Voya CEO Heather Lavallee Exercises Awards, Covers Taxes ($2.01M)

What Happened

  • Heather Lavallee, President and CEO of Voya Financial (VOYA), had a mix of restricted and performance stock units convert/vest on Feb 17, 2026. The filing shows awards/derivative share conversions totaling multiple lots (79,664 and 65,180 shares awarded/converted and additional conversion entries of 15,117 and 41,399 shares). To cover tax withholding associated with the conversion/vesting, 26,990 shares were delivered/disposed at $74.39 per share, totaling about $2,007,786.
  • These were not open-market purchases or discretionary sales but compensation-related conversions/vests with a net share settlement to cover taxes.

Key Details

  • Transaction date: February 17, 2026; Form 4 filed Feb 19, 2026 (appears timely).
  • Main codes in the filing: A = award/grant, M = exercise/conversion of derivative, F = payment of tax liability (withheld/disposed shares).
  • Tax withholding: 26,990 shares disposed at $74.39 each = $2,007,786 (code F).
  • Awards/Conversions reported: granted/converted derivative shares of 79,664 and 65,180; additional conversion entries of 15,117 and 41,399 shares (see filing for line‑by‑line detail).
  • Shares owned after the transactions are not specified in the provided excerpt of this filing.
  • Footnotes: awards were compensation-related; some units are performance stock units (PSUs) that convert based on performance (0%–150% payout possible; vesting date cited as Feb 20, 2029), restricted stock units (RSUs) vest 1/3 on Feb 16, 2027, 1/3 on Feb 15, 2028, and 1/3 on Feb 20, 2029, and some units represent cash‑settled deferred units.

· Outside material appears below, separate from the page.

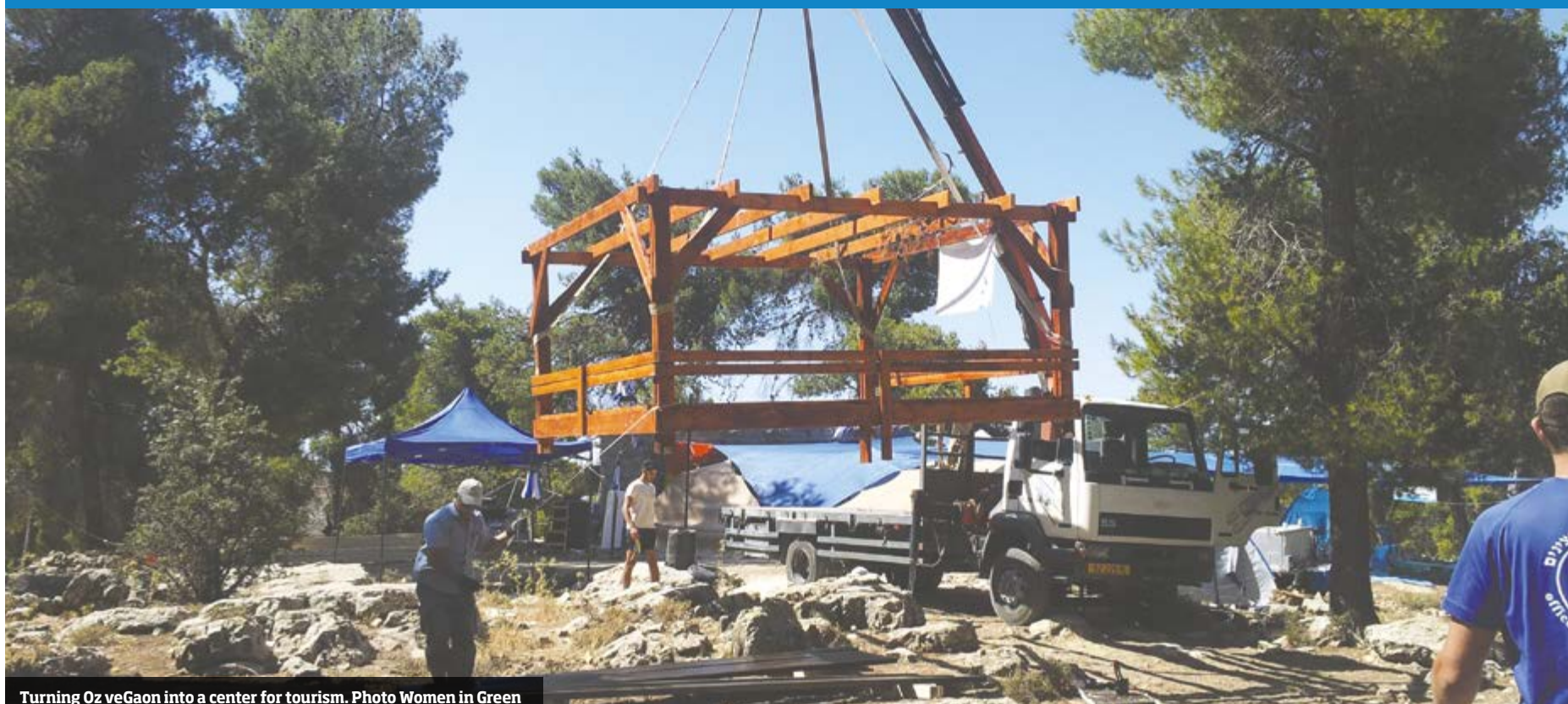
Turning Oz veGaon into a center for tourism.

In the beginning of the month of Tammuz (July), members from the Women in Green movement planted yet another stake in the Land, as they have done many times in recent years. Following the establishment of Netzer, Shdema and other sites, the movement established a tourist site, Oz veGa'on, on the hill above the Gush Etzion Junction.

Dividends included 106.546 shares per the filing.

Context

  • This looks like a standard compensation event: PSUs/RSUs converting to common stock, with a portion of shares withheld or delivered to satisfy tax obligations (a net share settlement), not a market sale signal. Such transactions are common when equity awards vest or performance awards convert; they reflect company compensation mechanics rather than an independent trading decision by the insider.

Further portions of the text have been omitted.